Oh nein, bitte nicht! Bitte, bitte, sag nichts!
„Genug Trübsal geblasen! Der Arzt sagt, wir können dich mitnehmen, wenn ich irgendwas unterschreibe. Elisa und ich wollten mit dir ein Eis essen gehen! Was sagst du?“
Maries Augen wandern zu Mama, starren sie ausdruckslos an.
Komm schon, denke ich, raste nicht aus. Vielleicht kann es nochmal funktionieren mit euch beiden, mit uns dreien. Bitte.
„Verpiss dich“, flüstert Marie.
Meine Hoffnungen zerfallen zu Staub.
Mama lacht. „Das ist aber nicht die feine englische Art, Liebes! Möchtest du lieber zum Italiener? Oder, oh! Wir könnten auch ins Kino gehen!“
„Man verpiss dich einfach!“, schreit Marie.
„Ach, jetzt komm“, sagt Mama und setzt ein schiefes Grinsen auf.
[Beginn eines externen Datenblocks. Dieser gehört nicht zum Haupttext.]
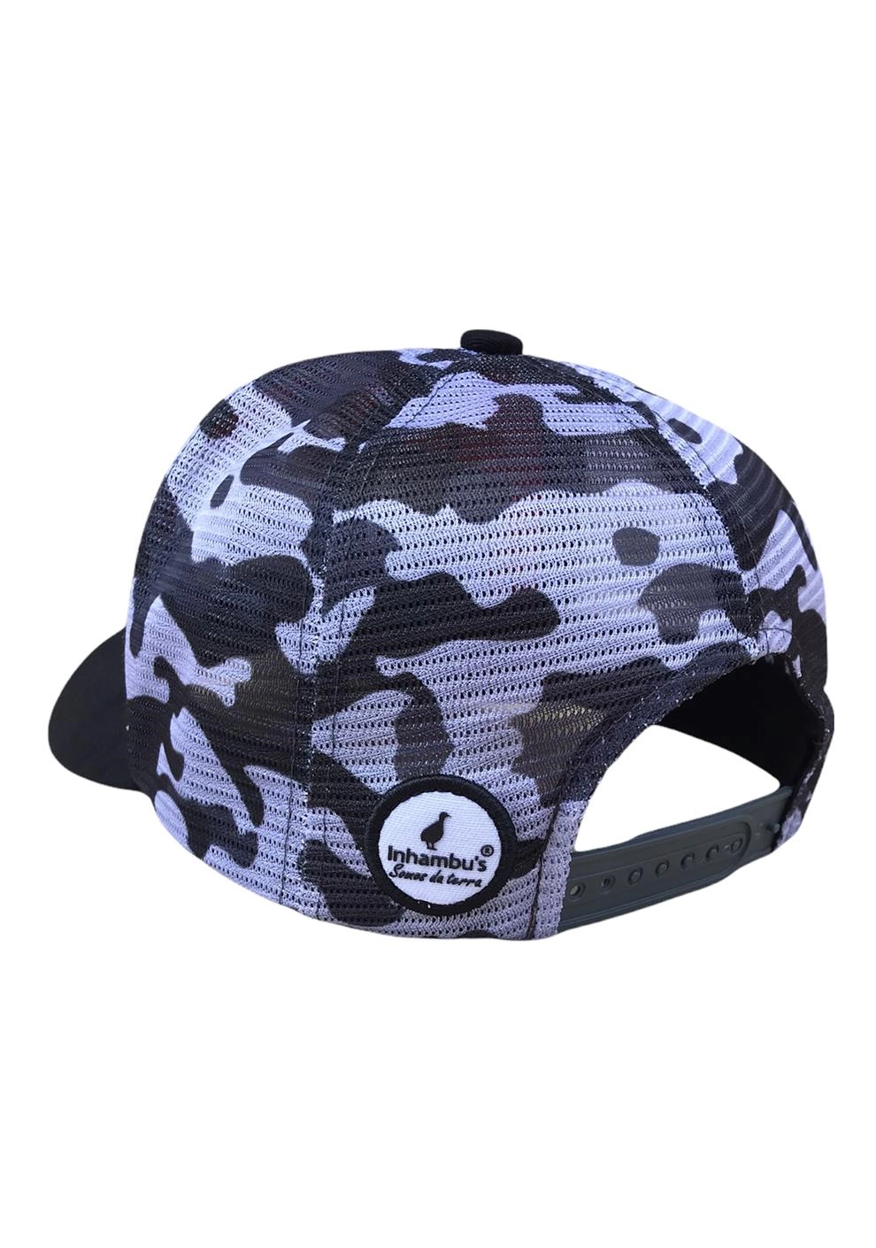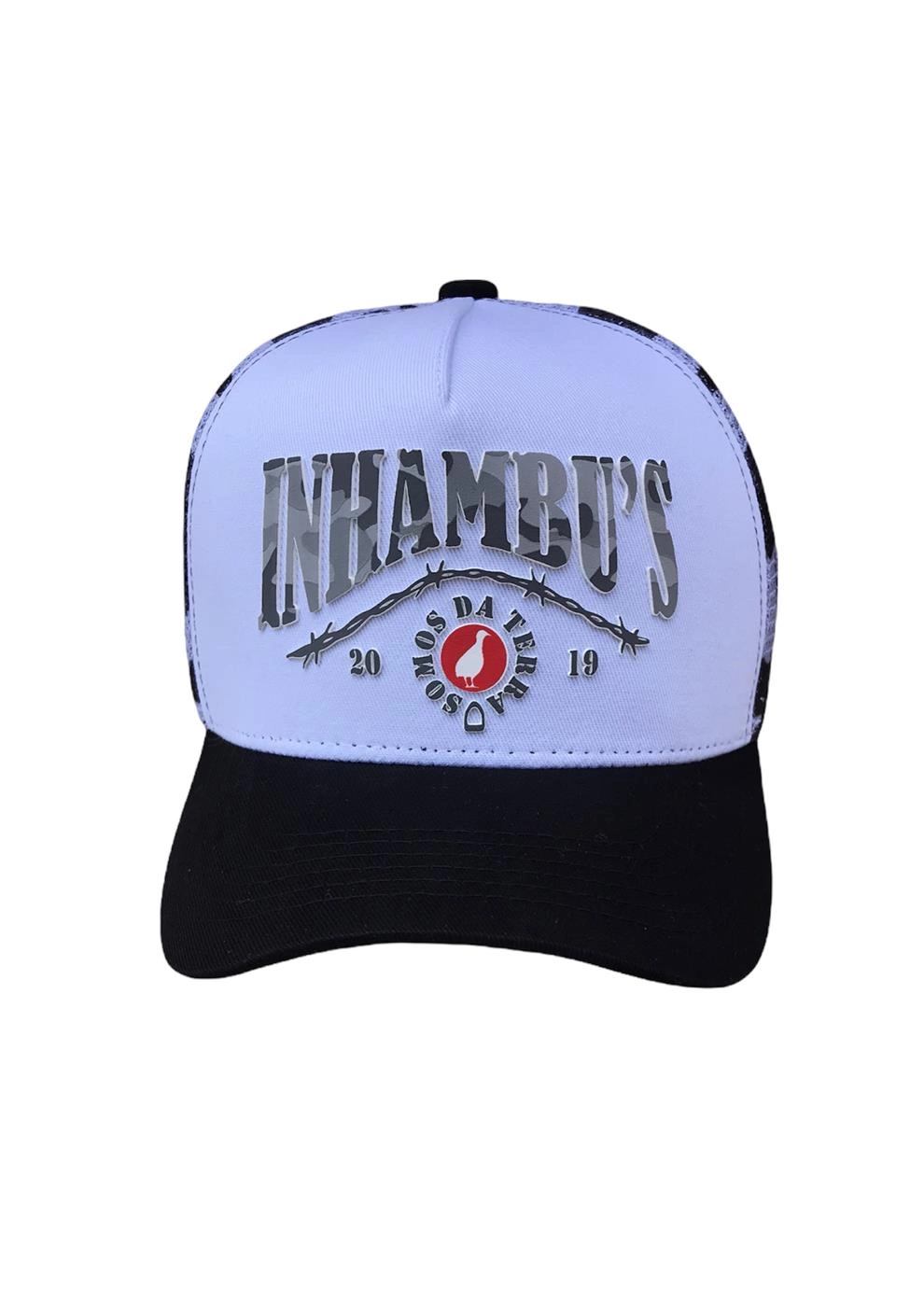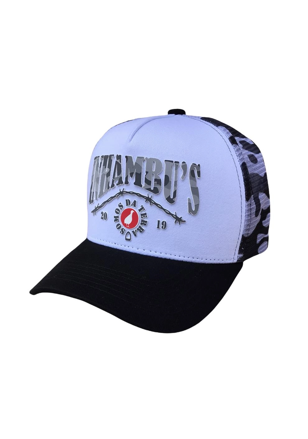 BONÉ INHAMBU'S ESTILO TRUCKER EM SARJA NA COR BRANCO, VIÉS PERSONALIZADO, ESPELHAMENTO INTERNO, ABA COM 6 COSTURAS NA COR PRETO, TELAS NA COR CAMUFLADO, CARNEIRA LARGA, ENTRETELA DE MEMÓRIA, REGULADOR PLÁSTICO, FORRO PERSONALIZADO, APLIQUE TRASEIRO EM PATCH NA COR PRETO COM SILK ALTO RELEVO LOGOMARCA, APLIQUE FRONTAL EM SILK ALTO RELEVO.

„Ich hab kein Bock auf deine Scheiße! Jetzt stecken die mich wahrscheinlich in die Klapse, aber da gehörst du hin! Nur du!“
„Jetzt sei doch nicht so. Warum denn so grummelig? Nach zwei Kugeln Eis schaut die Welt doch ganz anders aus.“
„Hau ab, du scheiß Schlampe!“, schreit Marie, so laut, dass fast ihre Stimme versagt. „Ich will dich nicht sehen! Nie wieder!“
Mama erstarrt. Ihre Hände ballen sich zu Fäusten, ihre Gesichtszüge verfinstern sich. Oh man, jetzt rastet sie aus. Sie öffnet den Mund und atmet ein, als würde sie losbrüllen.
Plötzlich entspannen sich ihre Züge wieder. „Na schön“, sagt sie fröhlich. „Dann essen wir das Eis eben ohne dich! Sicher, dass du nicht mitkommen willst?“
„Geh einfach“, sagt Marie, die letzte Silbe klingt wie ein Schluchzen.
„Es bringt doch nichts, sich zu grämen, Marie.“
Marie dreht sich wieder zum Fenster. Das Gespräch ist vorbei.
„Hm, du kannst dich ja melden, wenn sich deine Laune wieder gebessert hat. Komm, Elisa!“
Mama lächelt breit und stolziert zur Tür hinaus.
„Warte, Mama! Bitte! Ihr könnt doch nicht –“, rufe ich ihr hinterher, doch die Tür ist bereits ins Schloss gefallen. Ich reiße die Türe auf, will ihr hinterherlaufen, doch bleibe dann stehen.
Das war’s.
Ich schaue Mama hinterher. Dann sehe ich die Türe von Maries Krankenzimmer an. Mama erreicht den Fahrstuhl. Ich blicke auf die Türklinke. Mama winkt mich zu sich, die Fahrstuhltüren gehen auf. Wieder betrachte ich die Türklinke. Mein Blick senkt sich zu Boden.